As for what happens when the switch opens... remember that inductors resist changes to the current flowing in them.
 
CWatters said:
What is the inductor current after the switch has been closed for hours?

As for what happens when the switch opens... remember that inductors resist changes to the current flowing in them.

Would it simply be the current running through the 0.5 Ohm resistor?

I'm not sure what exactly would happen with the inductor resisting changes to the current flowing through it. Would there even be a sudden change?

The capacitor will charge to 10V. So that when the switch opens, there will still be 10volts on one side of the inductor, with the same resistance. There should be no change. It's just that when the capacitor starts decaying out that the changing voltage will cause a current across the inductor to happen as per 1/L intergal(vdt) = I(t).Am I correct with that idea?
 
Learnphysics said:
Would it simply be the current running through the 0.5 Ohm resistor?
Yes.

I'm not sure what exactly would happen with the inductor resisting changes to the current flowing through it. Would there even be a sudden change?
There is never a "sudden" (as in instantaneous) change in current in an inductor, not without fireworks anyway.
 
Learnphysics said:
Would it simply be the current running through the 0.5 Ohm resistor?
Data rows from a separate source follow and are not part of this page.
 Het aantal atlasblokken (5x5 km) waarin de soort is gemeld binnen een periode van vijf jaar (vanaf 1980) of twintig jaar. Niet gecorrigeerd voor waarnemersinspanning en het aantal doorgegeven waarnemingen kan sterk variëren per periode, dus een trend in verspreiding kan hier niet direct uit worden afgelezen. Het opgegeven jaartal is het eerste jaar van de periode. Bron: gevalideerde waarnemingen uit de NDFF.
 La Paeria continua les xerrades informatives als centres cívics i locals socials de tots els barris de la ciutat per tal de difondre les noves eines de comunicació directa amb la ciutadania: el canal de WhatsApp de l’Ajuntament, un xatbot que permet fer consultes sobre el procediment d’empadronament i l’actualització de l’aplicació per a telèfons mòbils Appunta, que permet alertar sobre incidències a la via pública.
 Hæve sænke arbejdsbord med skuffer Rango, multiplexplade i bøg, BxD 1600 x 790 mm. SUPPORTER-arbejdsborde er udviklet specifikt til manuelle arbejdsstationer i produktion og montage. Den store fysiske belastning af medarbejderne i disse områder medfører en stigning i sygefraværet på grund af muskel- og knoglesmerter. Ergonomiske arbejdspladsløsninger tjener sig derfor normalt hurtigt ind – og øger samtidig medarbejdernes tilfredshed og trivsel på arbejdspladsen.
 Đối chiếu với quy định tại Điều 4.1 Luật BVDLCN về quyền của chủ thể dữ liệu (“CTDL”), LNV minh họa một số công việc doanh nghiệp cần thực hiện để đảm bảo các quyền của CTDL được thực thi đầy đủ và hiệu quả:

I'm not sure what exactly would happen with the inductor resisting changes to the current flowing through it. Would there even be a sudden change?
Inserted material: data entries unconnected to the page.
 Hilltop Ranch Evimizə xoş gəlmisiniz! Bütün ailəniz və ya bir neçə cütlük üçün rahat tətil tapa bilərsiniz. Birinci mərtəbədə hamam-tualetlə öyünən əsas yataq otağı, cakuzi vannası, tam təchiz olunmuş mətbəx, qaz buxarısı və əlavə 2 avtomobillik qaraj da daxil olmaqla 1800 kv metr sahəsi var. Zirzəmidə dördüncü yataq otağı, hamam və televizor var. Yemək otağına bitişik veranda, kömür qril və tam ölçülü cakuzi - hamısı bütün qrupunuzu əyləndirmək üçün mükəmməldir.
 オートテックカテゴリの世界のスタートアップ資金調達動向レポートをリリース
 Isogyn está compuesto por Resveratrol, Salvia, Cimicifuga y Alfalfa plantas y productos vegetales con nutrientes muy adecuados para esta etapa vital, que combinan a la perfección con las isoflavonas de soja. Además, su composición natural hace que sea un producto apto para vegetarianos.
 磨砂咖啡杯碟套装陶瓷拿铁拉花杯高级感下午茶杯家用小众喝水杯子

The capacitor will charge to 10V. So that when the switch opens, there will still be 10volts on one side of the inductor, with the same resistance. There should be no change. It's just that when the capacitor starts decaying out that the changing voltage will cause a current across the inductor to happen as per 1/L intergal(vdt) = I(t).
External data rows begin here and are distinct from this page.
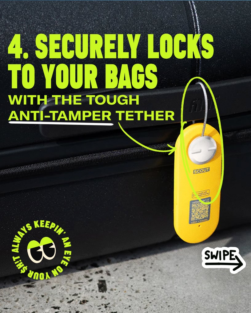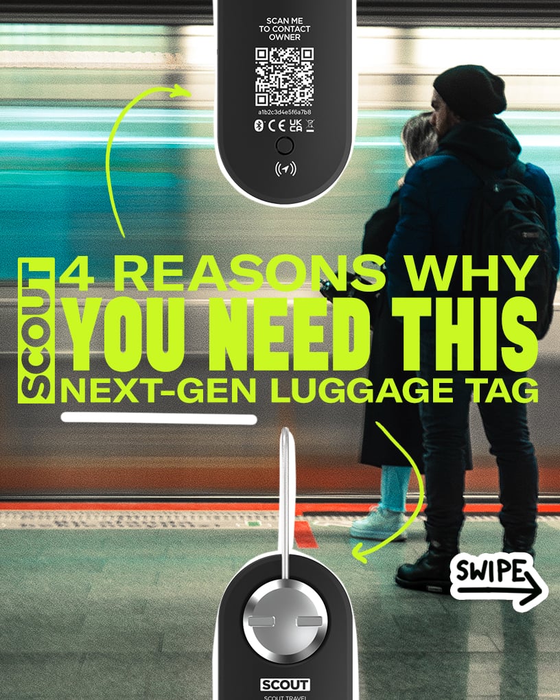 Scout Travel is the world's smartest luggage tag. Attach one to your suitcase and another to your carry-on, then enjoy the peace of mind they bring as you journey.
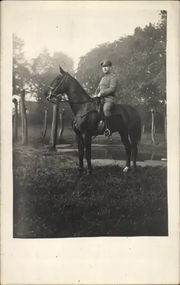 Foto Ak Deutscher Soldat in Uniform auf einem Pferd, Portrait
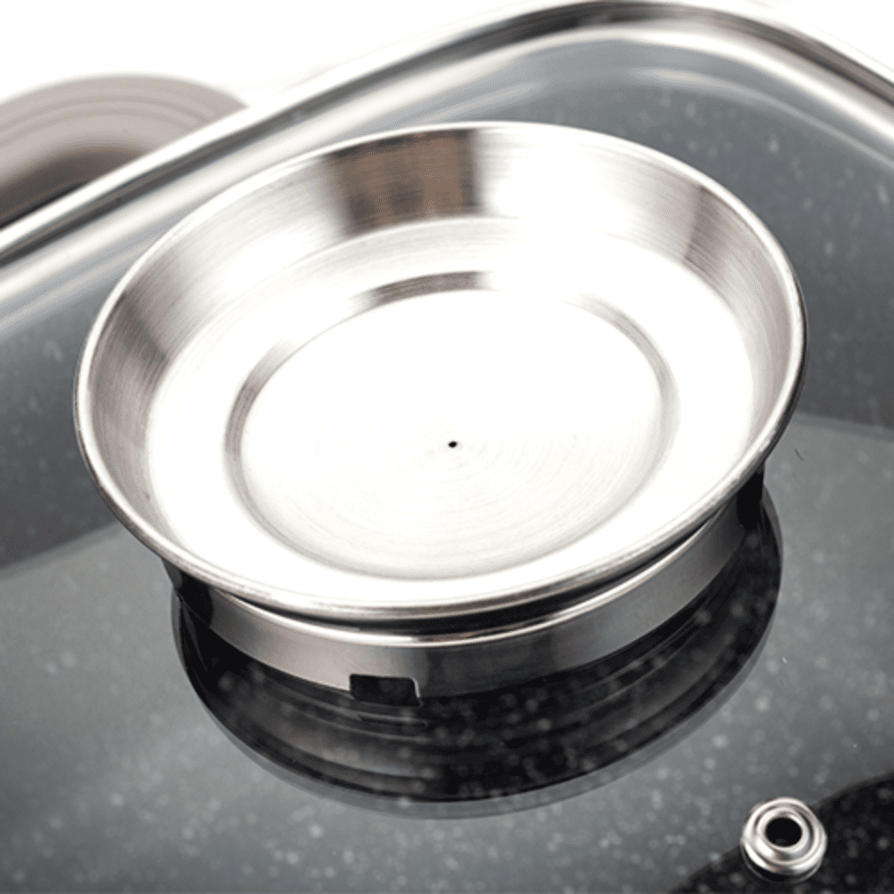 قاع سميك ومعدن مضغوط بيساعد على توزيع الحرارة بالتساوي
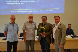 Roland Herrmann (2. v. r.) ist neue Schiedsperson in Lübbenau/Spreewald. Er übernimmt die Aufgabe von xxx (3. v. r.). Bürgermeister Helmut Wenzel (r.) und Uwe Pielenz, Vorsitzender der Stadtverordnetenversammlung, gratulieren zur Wahl.
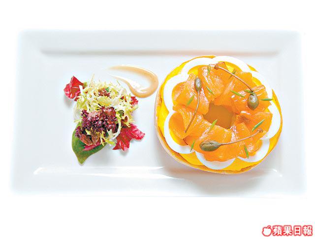 猶太包面鋪上蛋黃醬、蛋白、煙三文魚及水瓜柳,與煙三文魚同吃,可嘆盡多種口感。(星期六、日及公眾假brunch中供應)
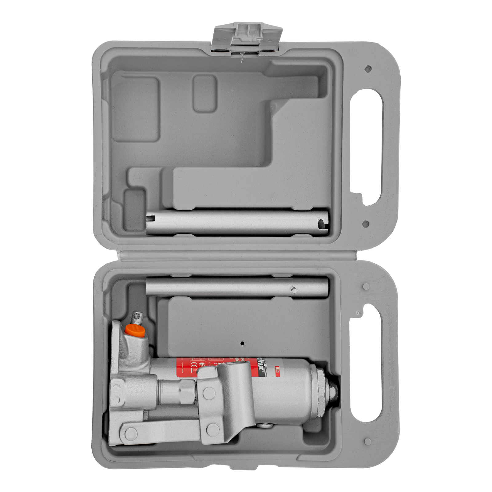 - Удобная транспортировка — домкрат комплектуется прочным пластиковым кейсом.
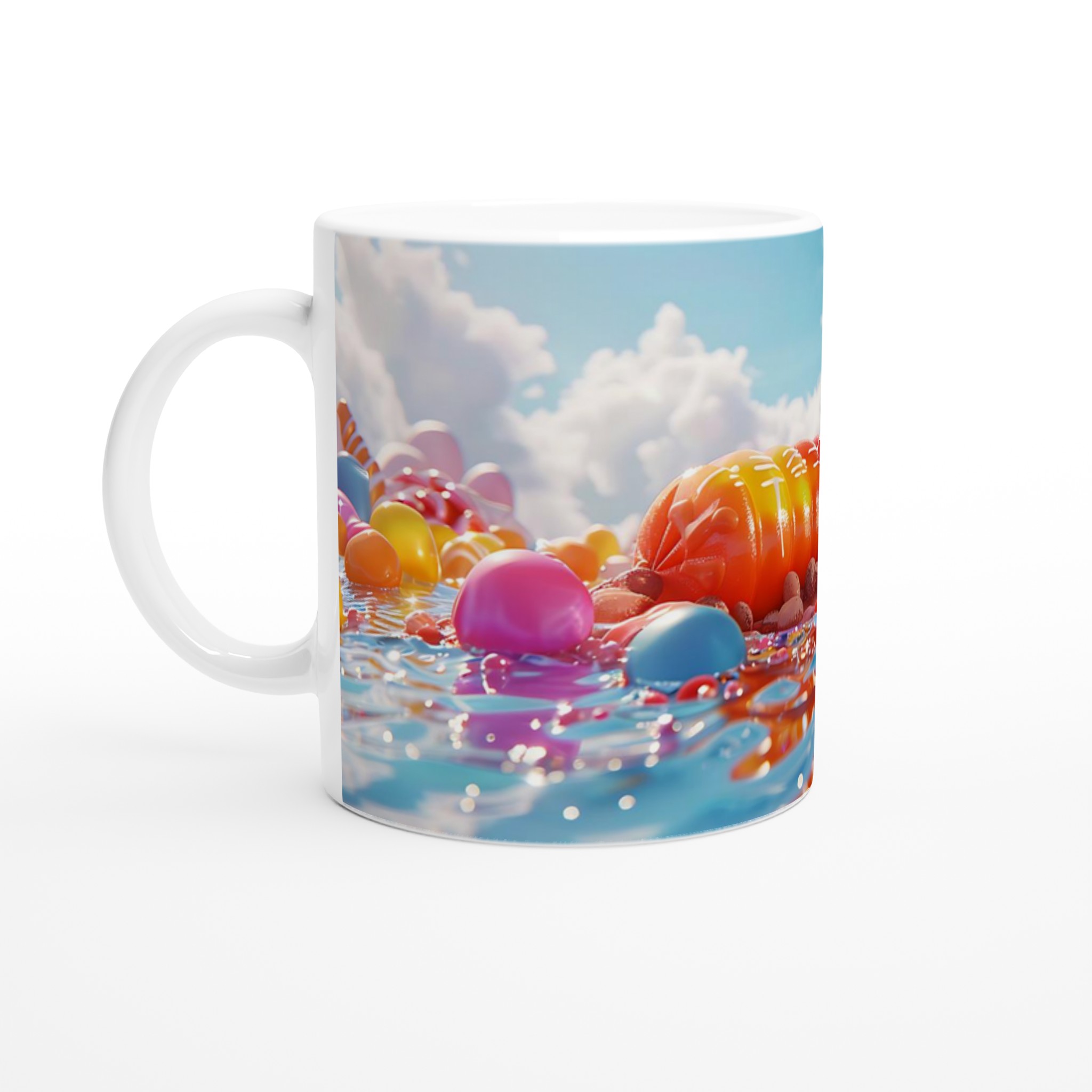 Lyft varje kaffestund med vår premium keramikmugg – stilren, hållbar och skapad för att låta ditt motiv glänsa. Inspirerad av fantasins godislandskap, där varje nyans berättar en historia och varje kurva lockar fram ett leende, är denna mugg den perfekta duken för din kreativitet. Den blanka vita ytan ger ett skarpt och levande tryck som verkligen sticker ut, oavsett om det är en personlig design, ett roligt citat eller en present till någon du tycker om.

Am I correct with that idea?

Yes. The current i thru the inductor, which had been coming from the supply before t = 0, now has to come from the capacitor. So the capacitor voltage drops, V across the inductor begins to change and therefore so does its current since for the inductorr di/dt = V/L.

Now, to answer the question you should write the differential equation in i and v, wit v replaced by a function of i. Or you can get 2 equations in v and i & solve them simultaneously. Same difference.

After you get v(t), let t = 2.5πe-6 s.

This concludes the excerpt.